Armando

Personal information
- Full name: José Armando Lucas Contreras
- Date of birth: 20 October 1966 (age 58)
- Place of birth: Madrid, Spain
- Height: 1.74 m (5 ft 9 in)
- Position(s): Midfielder, left back

Senior career*
- Years: Team / Apps / (Gls)
- 1985–1986: Alcorcón
- 1986–1987: Leganés
- 1987–1988: Atlético Madrid B / 24 / (0)
- 1988–1990: Atlético Madrid / 42 / (1)
- 1990–1992: Mallorca / 30 / (0)
- 1992–1994: Atlético Marbella / 75 / (0)
- 1994–1995: Badajoz / 20 / (0)
- 1995–1996: Getafe / 18 / (0)
- Total:  / 209+ / (1+)

= Armando Lucas =

Spanish footballer (born 1966)

José Armando Lucas Contreras (born 20 October 1966), known as simply Armando, is a Spanish former professional footballer who played as a midfielder or left back. He played 72 La Liga games for Atlético Madrid and Mallorca, adding 113 in the Segunda División for Atlético Marbella, Badajoz and Getafe.

==Career==
Born in Madrid, Armando began playing in the Tercera División for local Community of Madrid teams Alcorcón and Leganés before joining Atlético Madrileño, the reserve team of Atlético Madrid. He made his debut for the first team in La Liga on 24 January 1988 in a 2–1 home win over Cádiz, and totalled 11 games over the season, scoring his only top-flight goal on 7 May as the first equaliser in a 4–3 win at Valencia.

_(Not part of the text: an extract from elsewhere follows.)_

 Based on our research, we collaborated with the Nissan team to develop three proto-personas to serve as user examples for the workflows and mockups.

In June 1990, Lucas moved to RCD Mallorca after being transfer-listed by Atlético manager Joaquín Peiró. The four-year deal had initially been held up by a breakdown in relations between the two clubs. On 29 June 1991, he played the Copa del Rey final, a 1–0 loss after extra time to his previous club.

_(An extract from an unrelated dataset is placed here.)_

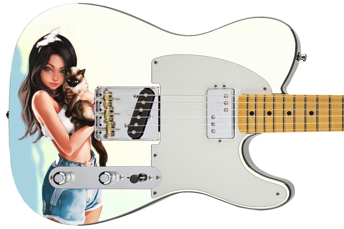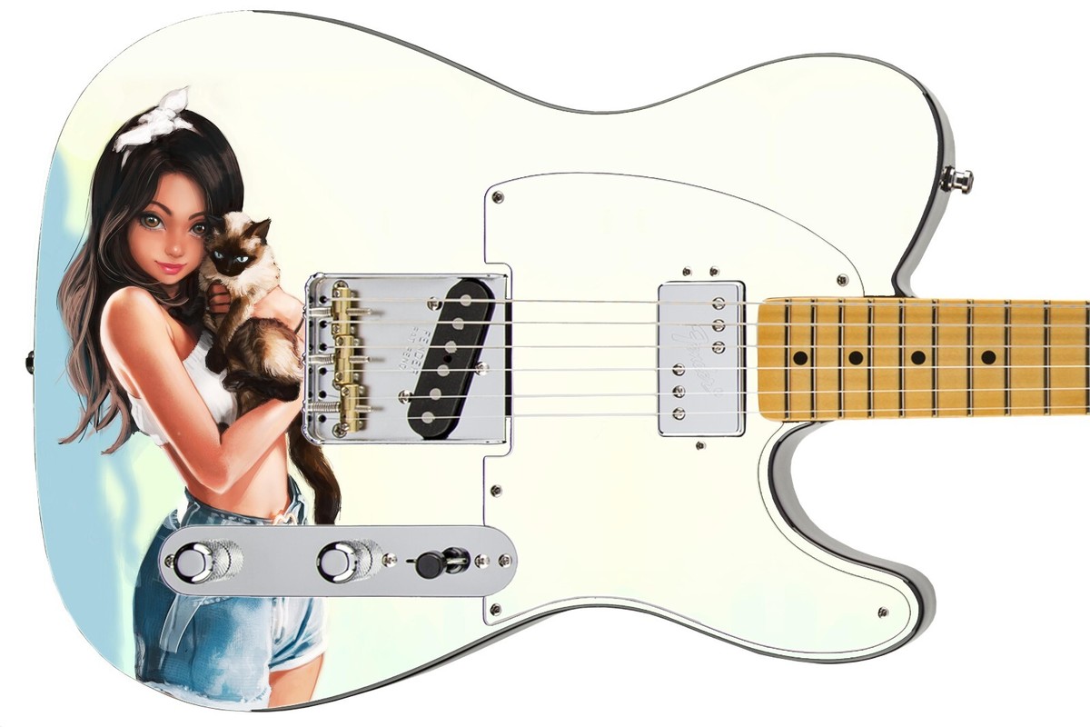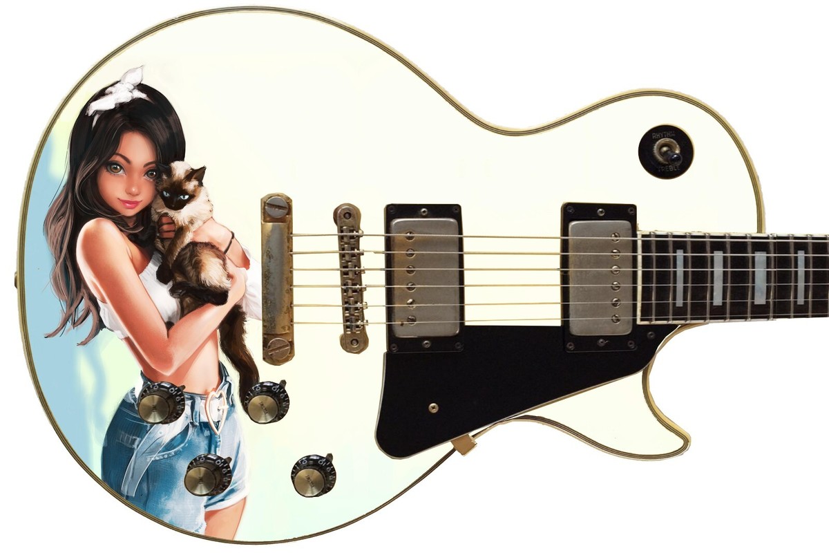 Guitar Skin Axe Wrap Re-skin Bass Reface Electric Vixen Art Gorgeous Cat 1320

After Mallorca's relegation to the Segunda División, Lucas moved in July 1992 to Atlético Marbella of the same league. His new team were sponsored by Jesús Gil, president of Atlético Madrid. Two years later he joined Badajoz, and he returned to his native region in 1995 to play one last second-tier season for Getafe.